Lucky for us, we have known this Amish couple for over 10 years, and they’ve encouraged us to come to the house to order and pick up bacon, so that’s what we did.  Mrs. Amish Lady is warm and loving, and always greets us with a big hug and asks how our trip was.  Mr. Amish Man is quiet and keeps to himself, but every once in a while he’ll feel gregarious and talk about the weather.  I wouldn’t miss it for anything.  They have an old farmhouse which is accessed by a long driveway that passes another house (a son, perhaps?  He likes dogs.) and an open-sided barn of cows before winding up at their front yard which features a gazebo and an arbor.  Like many of the Amish homes, this one features white clapboard siding and has the obligatory green shades, and inside the side door is where some of their other items are sold.  Both my friend and I requested 20 pounds each, and that Made Mr. Amish Man very happy while Mrs. Amish Lady wanted to know what sort of recipes we used with all that bacon.  (Recipes?  We don’t need no sinkin’ recipes!)

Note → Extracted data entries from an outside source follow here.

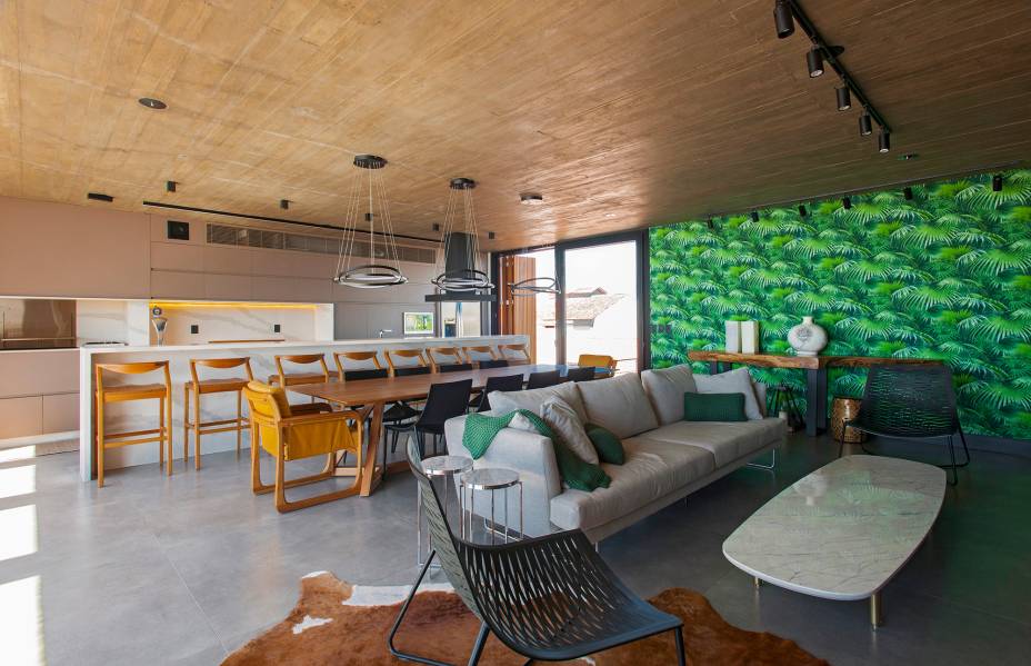 No projeto de interiores, a premissa foi manter o brutalismo do concreto aparente, contracenando com acabamentos em madeira natural presentes em peças assinadas por designers – como a mesa de jantar em louro freijó e ripados de madeira utilizados no fechamento das esquadrias.
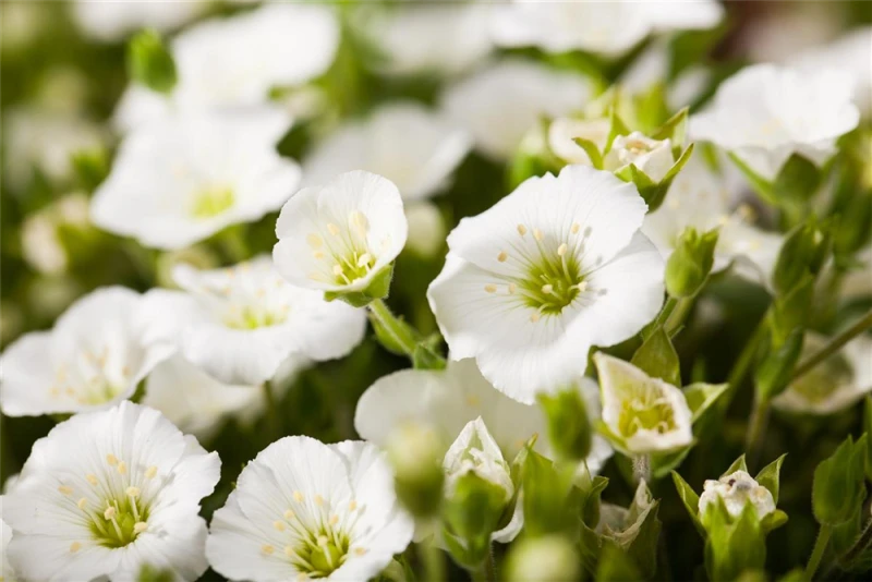 Das Berg-Sandkraut ‚Blizzard Compact‘ (Arenaria montana) ist eine polsterbildende wintergrüne Staude, die von Mai bis August weiße, schalenförmige Blüten bildet. An einem sonnigen bis halbschattigen Standort mit durchlässigem, kalkhaltigem Boden erreicht es gewöhnlich eine Höhe von ca. 30 cm und wird ca. 30 cm breit. Das Berg-Sandkraut ‚Blizzard Compact‘ ist gut frostverträglich.
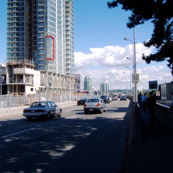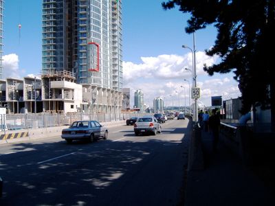El viaducto transcurre entre el Rogers Arena y el Estadio BC Place, funcionando como ruta principal para vehículos que entran y salen del este del centro.
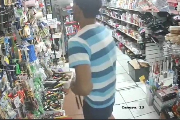 Ele se aproxima dos produtos em exposição, numa seção de pequenos objetos, olha à sua volta e após confirmar que não há ninguém próximo, começa a retirar produtos e colocar sob a camisa, presos entre o corpo e o cós da calça. Uma funcionária passa por trás dele e nada percebe. A atitude parece que chamou a atenção de outra funcionária, mas ele desconfia e sai às pressas, seguido dessa funcionária. Na calçada, conforme informações, ele apanhou uma bicicleta estrategicamente deixada no local e consegue fugir.
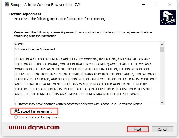 软件许可协议接受,勾选接受的选项,然后Next
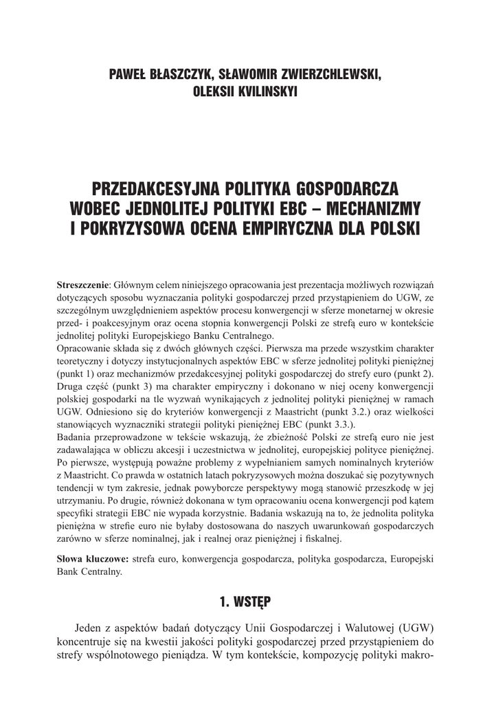 PAWEŁ BŁASZCZYK, SŁAWOMIR ZWIERZCHLEWSKI, OLEKSII KVILINSKYI PRZEDAKCESYJNA POLITYKA GOSPODARCZA WOBEC JEDNOLITEJ POLITYKI EBC – MECHANIZMY I POKRYZYSOWA OCENA EMPIRYCZNA DLA POLSKI Streszczenie: Głównym celem niniejszego opracowania jest prezentacja możliwych rozwiązań dotyczących sposobu wyznaczania polityki gospodarczej przed przystąpieniem do UGW, ze szczególnym uwzględnieniem aspektów procesu konwergencji w sferze monetarnej w okresie przed- i poakcesyjnym oraz ocena stopnia konwergencji Polski ze strefą euro w kontekście jednolitej polityki Europejskiego Banku Centralnego. Opracowanie składa się z dwóch głównych części. Pierwsza ma przede wszystkim charakter teoretyczny i dotyczy instytucjonalnych aspektów EBC w sferze jednolitej polityki pieniężnej (punkt 1) oraz mechanizmów przedakcesyjnej polityki gospodarczej do strefy euro (punkt 2). Druga część (punkt 3) ma charakter empiryczny i dokonano w niej oceny konwergencji polskiej gospodarki na tle wyzwań wynikających z jednolitej polityki pieniężnej w ramach UGW. Odniesiono się do kryteriów konwergencji z Maastricht (punkt 3.2.) oraz wielkości stanowiących wyznaczniki strategii polityki pieniężnej EBC (punkt 3.3.). Badania przeprowadzone w tekście wskazują, że zbieżność Polski ze strefą euro nie jest zadawalająca w obliczu akcesji i uczestnictwa w jednolitej, europejskiej polityce pieniężnej. Po pierwsze, występują poważne problemy z wypełnianiem samych nominalnych kryteriów z Maastricht. Co prawda w ostatnich latach pokryzysowych można doszukać się pozytywnych tendencji w tym zakresie, jednak powyborcze perspektywy mogą stanowić przeszkodę w jej utrzymaniu. Po drugie, również dokonana w tym opracowaniu ocena konwergencji pod kątem specyfiki strategii EBC nie wypada korzystnie. Badania wskazują na to, że jednolita polityka pieniężna w strefie euro nie byłaby dostosowana do naszych uwarunkowań gospodarczych zarówno w sferze nominalnej, jak i realnej oraz pieniężnej i fiskalnej. Słowa kluczowe: strefa euro, konwergencja gospodarcza, polityka gospodarcza, Europejski Bank Centralny. 1. WSTĘP Jeden z aspektów badań dotyczący Unii Gospodarczej i Walutowej (UGW) koncentruje się na kwestii jakości polityki gospodarczej przed przystąpieniem do strefy wspólnotowego pieniądza. W tym kontekście, kompozycję polityki makro- 12 Paweł Błaszczyk, Sławomir Zwierzchlewski, Oleksii Kvilinskyi ekonomicznej można analizować poprzez formułowanie jej wariantów. Istotnym obszarem analizy jest wyodrębnienie dwóch skrajnych opcji zakładających wypełnienie (pierwszy wariant) lub niespełnienie (drugi wariant) obligatoryjnych kryteriów zbieżności przed przystąpieniem do ERM II, z jednoczesnym uwidacznianiem ich wpływu dla sfery realnej gospodarki oraz stabilności kursu w ERM II1. Utrzymanie zbieżności głównych parametrów ekonomicznych (stopy procentowej, inflacji, deficytu budżetowego/publicznego) na obszarze UGW jest kolejnym czynnikiem oddziałującym na skuteczność procesu integracji walutowej. W tym zakresie, ważnym zagadnieniem jest ocena szybkości transmisji impulsów pieniężnych generowanych przez Europejski Bank Centralny (EBC). Odmienne cechy polityk pieniężnych poszczególnych państw unii, szczególnie stanów płynności komercyjnego sektora bankowego oraz mechanizmu alokacji finansowej, mogą zniekształcać charakter mechanizmu transmisji pieniężnej i tym samym różnicować poziom stóp procentowych czy inflacji2. Na tym tle skonstruowano główny cel niniejszego opracowania, którym jest prezentacja możliwych rozwiązań dotyczących sposobu wyznaczania polityki gospodarczej przed przystąpieniem do UGW, ze szczególnym uwzględnieniem aspektów procesu konwergencji w sferze monetarnej w okresie przed- i poakcesyjnym oraz ocena stopnia konwergencji Polski ze strefą euro w kontekście jednolitej polityki Europejskiego Banku Centralnego3. Opracowanie składa się z dwóch głównych części. Pierwsza (punkty 1–2) ma głównie charakter teoretyczny i dotyczy instytucjonalnych aspektów EBC w sferze jednolitej polityki pieniężnej (punkt 1) oraz mechanizmów przedakcesyjnej polityki gospodarczej do strefy euro (punkt 2). Druga część (punkt 3) ma charakter empiryczny i dokonano w niej oceny konwergencji polskiej gospodarki na tle wyzwań wynikających z jednolitej polityki pieniężnej w ramach UGW. Odniesiono się do kryteriów konwergencji z Maastricht (punkt 3.2.) oraz wielkości stanowiących wyznaczniki strategii polityki pieniężnej EBC (punkt 3.3.). 2. INSTYTUCJONALNA FORMUŁA EBC Zbieżność parametrów ekonomicznych na obszarze UGW jest jednym z kluczowych czynników wzmacniającym stabilność UGW. W tym kontekście, szczególnego znaczenia nabrała kwestia reputacji EBC, a tym samym jakości transmisji unijnej polityki pieniężnej. Zasadniczy problem polega na tym, że wiarygodności banku centralnego nie buduje się z dnia na dzień. Wystąpiła zatem konieczność wydatnego skrócenia tego procesu poprzez odpowiednie rozwiązania instytucjonalne. 1 Zob. D. Gros, N. Thygesen, European monetary integration, Pearson Education, Harlow, England 2003. 2 Zob. A. Nowak-Far, Unia gospodarcza i walutowa w Europie, Instytut Wydawniczy EuroPrawo, Warszawa 2011. 3 E. J. Pentecost, A. Van Poeck (red.), European Monetary Integration. Past, Present and Future, Edward Elgar, Nortampton 2001, s. 87–154. Przedakcesyjna polityka gospodarcza wobec jednolitej polityki EBC... 13 Zastosowano, słusznie z punktu widzenia stabilności sfery pieniężnej w UGW, następujące rozwiązania: ■■ zbudowano EBC zgodnie z pewnym zapożyczonym wzorcem, ■■ określono explicite cel (cele) wspólnej polityki pieniężnej, ■■ przyznano EBC niezależność w wymiarze politycznym i funkcjonalnym wraz z minimalizowaniem formalnej odpowiedzialności za realizację ogłoszonych przez siebie celów, ■■ określono explicite sposób wyz

We made arrangements to come back Monday to pick it up, and said goodbye.  Mrs. Amish Lady clucked happily as we left, while Mr. Amish Man went back to his lunch.  Then it was on to our regular B&B which is unique and wonderful and the owners are a hoot and a holler but I’m not saying what it is because it is my little secret place and they are always booked solid so I don’t want any competition.  There is no television and they only recently got wi-fi, but it makes me so happy.  My favorite part about this place is coming up to the main house for breakfast, because we sit in a glassed-in porch which looks out over the meadows and we can see the little creek and the cows in the next field over.  Plus Mr. and Mrs. B&B are delightful hosts with hundreds of stories to tell and never cease to make people laugh.  It’s like a comedy routine every morning, complete with props and pictures.  If we’re fortunate, two of the Amish neighbors stop by for coffee and hello, and they are not what you’d call pious folk, exactly.  In fact, they are downright randy.  They will tease us “English” and gently make fun of us with our smart phones making us less smart and our cars that park themselves, saying their horses already do that.  There is genuine affection between Mr. and Mrs. B&B and these Amish men, and they have helped each other through several tragedies and celebrated through several joys.  And we get to witness a small part of it.

Invariably, I see the relationships between these folks and invariably think of my own.  Do I show enough affection for Hubby?  Do I appreciate Older and Younger Daughter verbally?  Would I trade my life for any of theirs?